6. Swap Veggies for Apps
“Rather than ordering an appetizer and an entrée, plan to order a side of vegetables in addition to your entrée — then play the role of chef and incorporate that veggie side directly into your meal,” says Jackie Newgent, RDN, culinary nutritionist, author of The Clean & Simple Diabetes Cookbook and advisor to Lunch Unpacked. “It adds color, volume, flavor and excellent nutrition, even if you started with a not-so-healthful entrée, such as simply stirring steamed spinach into a mac-n-cheese entrée.”
Read more: Trying to Lose Weight? Eat More of These 3 Things
7. Build a Meal Like a Pro
“Before you look at the appetizers, scoot down the menu to the main dishes so you can determine what will go best with it,” says Bonnie Taub-Dix, RDN, creator of BetterThanDieting.com and author of _Read It Before You Eat It: Taking You from Label to Table. “_For example, if you’re in the mood for fish or poultry, you may want an appetizer that doesn’t have any protein (like a soup or side salad), since you’ll be getting enough in your main dish.”
8. Have It Your Way
“Many people are nervous to ask for substitutions when ordering out, but it can be key to improving the nutrient quality and enjoyment of your meal,” says Kelly Jones, RD, CSSD, a Philadelphia-based sports dietitian. “For example, if someone is aiming to follow a more plant-based diet and they choose a vegan dish, it may be lacking in protein. Find vegan protein sources, such as lentils or beans, in other dishes on the menu and add them to yours.”

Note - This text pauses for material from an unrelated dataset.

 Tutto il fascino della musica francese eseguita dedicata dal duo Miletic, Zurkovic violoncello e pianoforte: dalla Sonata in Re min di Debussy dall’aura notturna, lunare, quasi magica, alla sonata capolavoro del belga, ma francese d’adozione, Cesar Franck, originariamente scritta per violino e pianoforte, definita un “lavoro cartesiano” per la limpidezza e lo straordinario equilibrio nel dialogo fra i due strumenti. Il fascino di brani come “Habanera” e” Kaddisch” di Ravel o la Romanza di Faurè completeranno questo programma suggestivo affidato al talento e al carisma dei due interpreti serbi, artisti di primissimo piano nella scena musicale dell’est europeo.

9. Be Aware of Your Surroundings
“Fast music and bright colors are social-engineering methods to make you eat more and faster,” Moon says. “Knowing this, take a few deep breaths before your meal to be present and mindful as you enjoy your food.”
After Dining Out
10. Take a Walk
Working out right after eating is a bad idea — as in, wait three to four hours — but taking a leisurely stroll can be helpful. A slow walk (about 2.5 miles per hour or less) can help with digestion, and if you overdid it when eating, it can help manage your blood sugar levels.

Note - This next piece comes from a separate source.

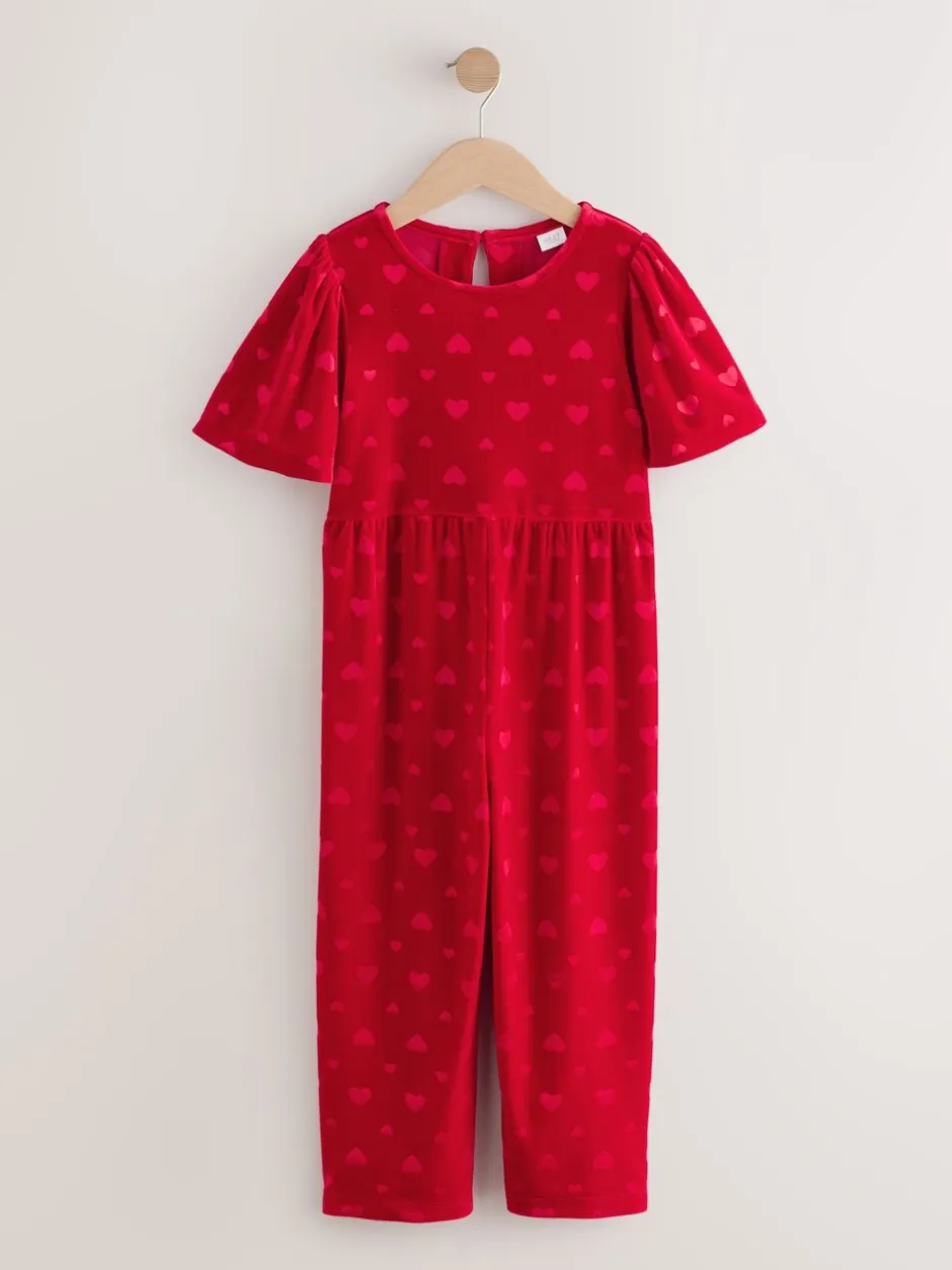 Next Rouge – Combinaison en velours à motif cœur en relief (3-16ans) Clearance

11. Don’t Beat Yourself Up
Speaking of overdoing it, if you do eat or drink too much, it’s OK. Stop any negative self-talk or feelings. Remember that it was one meal, and any blame or bashing you’re doing to yourself is only making things worse — it can have a negative affect on your stress and your overall health.
Instead, drink lots of water to help with digestion, and focus on getting fiber in your next meal, which can help your body better filter and remove waste.